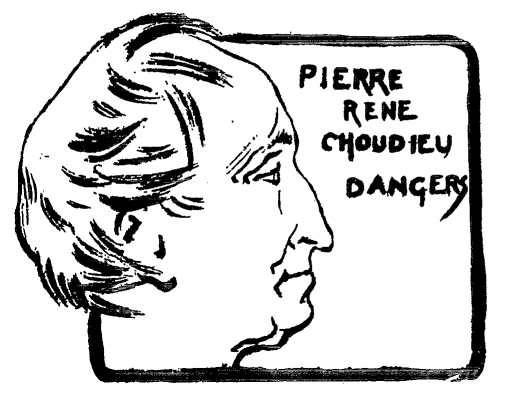 Portrait of French politician René-Pierre Choudieu (1761-1838) by Maurice Delcourt (1877-1917)
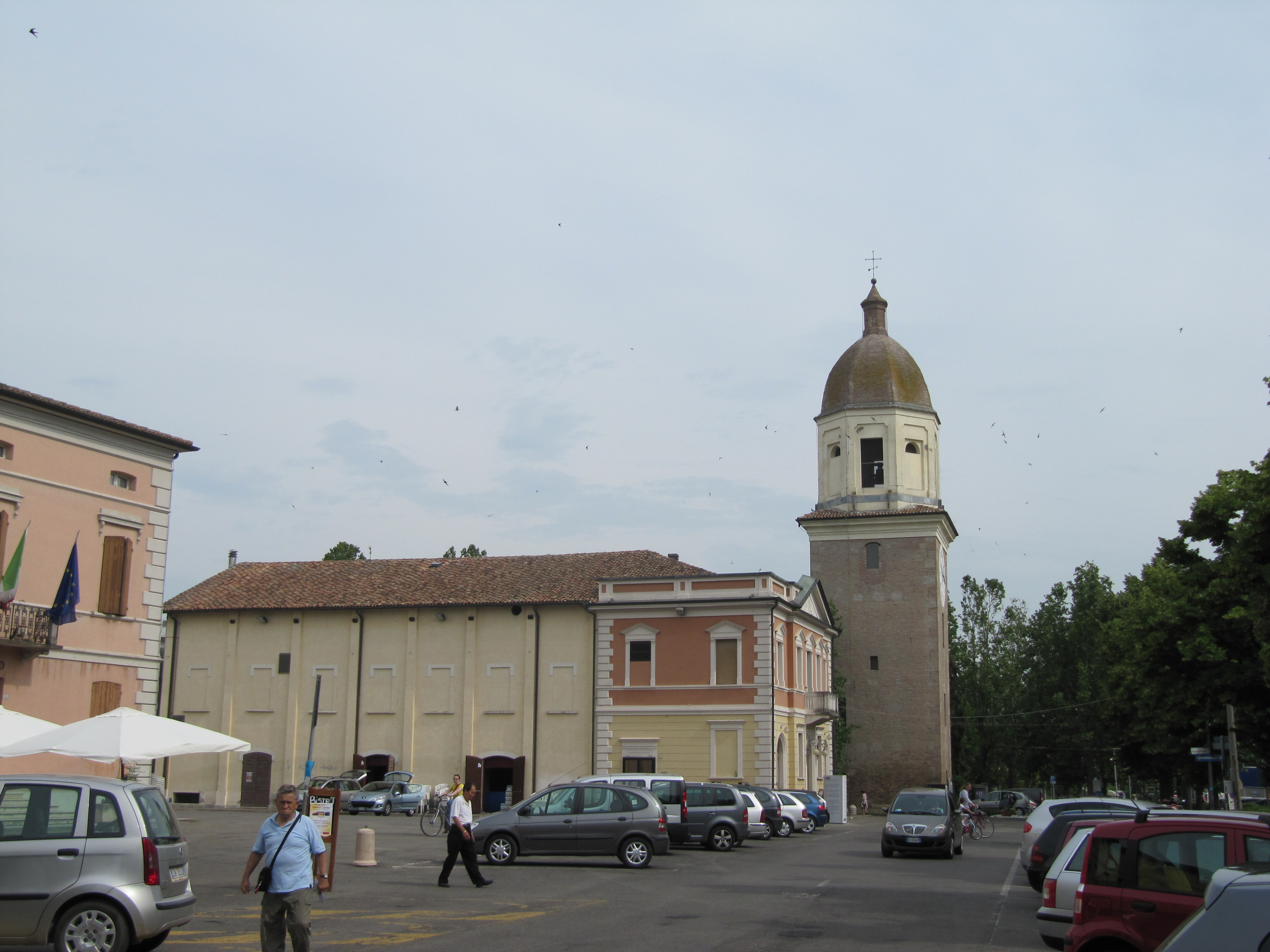 La piazza di Bagnolo
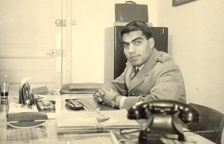 Young Tunisian army officer Zine Abidine Ben Ali
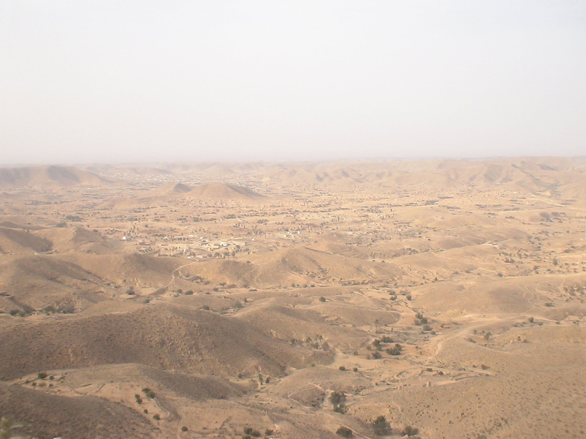 Desert in Tunisia (near to Matmata)
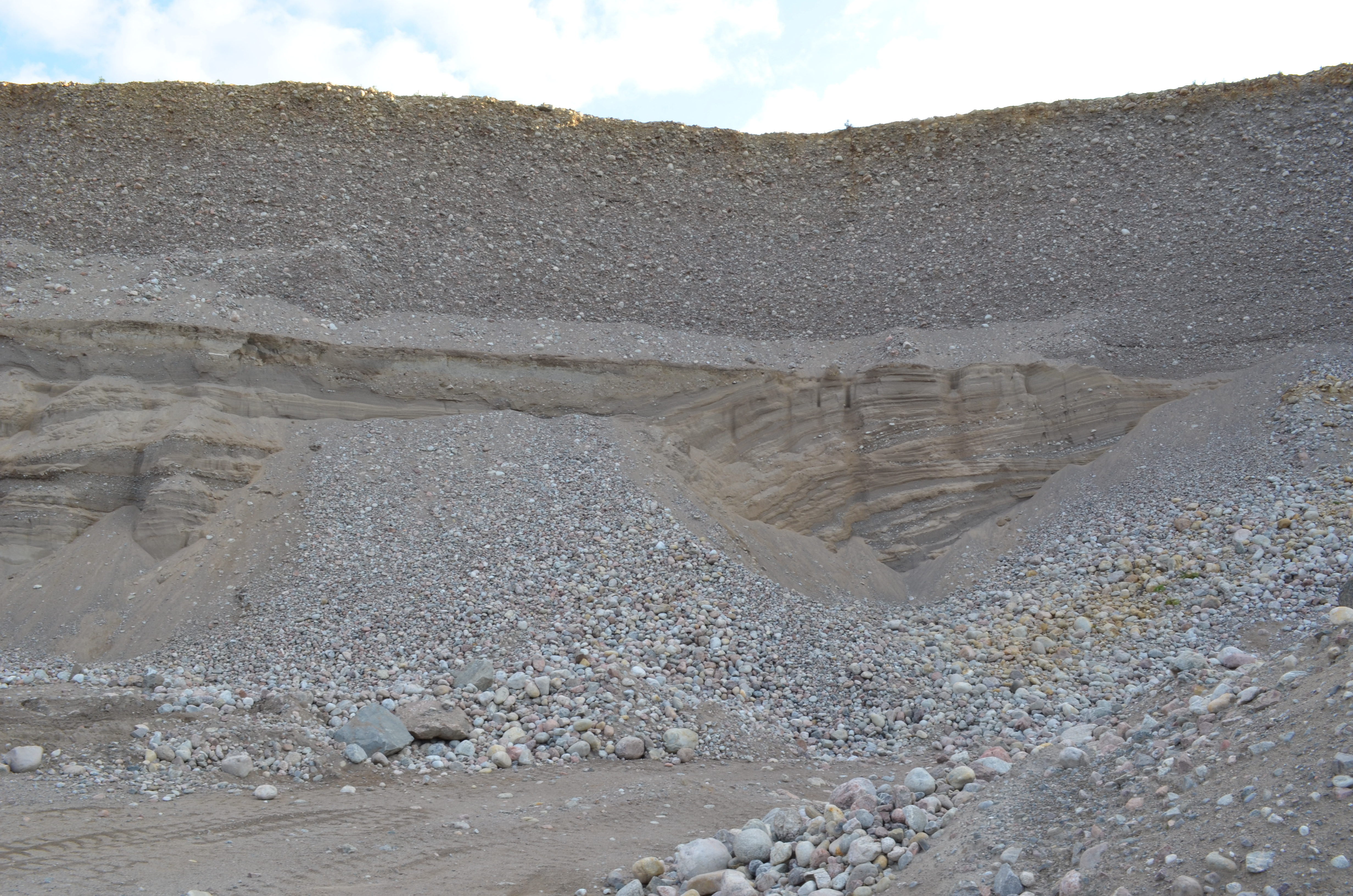 Esker in cross
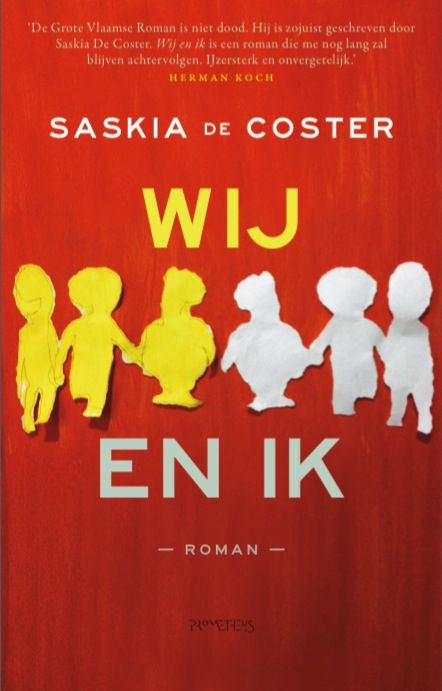 Cover of the latest novel Wij en ik by Saskia de Coster
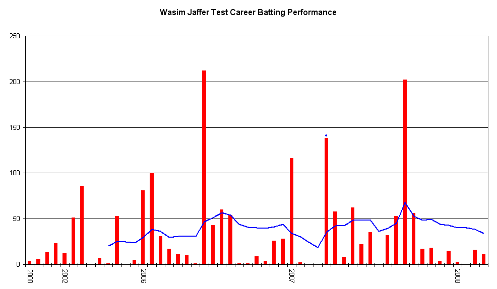 This graph details the Test Match performance of Wasim Jaffer. It was created by Raven4x4x. The red bars indicate the player's test match innings, while the blue line shows the average of the ten most recent innings at that point. Note that this average cannot be calculated for the first nine innings. The blue dots indicate innings in which Jaffer finished not-out. This graph was generated with Microsoft Excel 2002, using data from Cricinfo [1] and Howstat [2]. The information in this chart is current as of 2 February, 2008.

┄┄┄┄┄┄┄┄┄┄┄┄┄┄┄┄┄┄┄┄

Once the pictures are set aside, give the rest of the listing again exactly.

 Portrait of French politician René-Pierre Choudieu (1761-1838) by Maurice Delcourt (1877-1917)
 La piazza di Bagnolo
 Young Tunisian army officer Zine Abidine Ben Ali
 Desert in Tunisia (near to Matmata)
 Esker in cross
 Cover of the latest novel Wij en ik by Saskia de Coster
 This graph details the Test Match performance of Wasim Jaffer. It was created by Raven4x4x. The red bars indicate the player's test match innings, while the blue line shows the average of the ten most recent innings at that point. Note that this average cannot be calculated for the first nine innings. The blue dots indicate innings in which Jaffer finished not-out. This graph was generated with Microsoft Excel 2002, using data from Cricinfo [1] and Howstat [2]. The information in this chart is current as of 2 February, 2008.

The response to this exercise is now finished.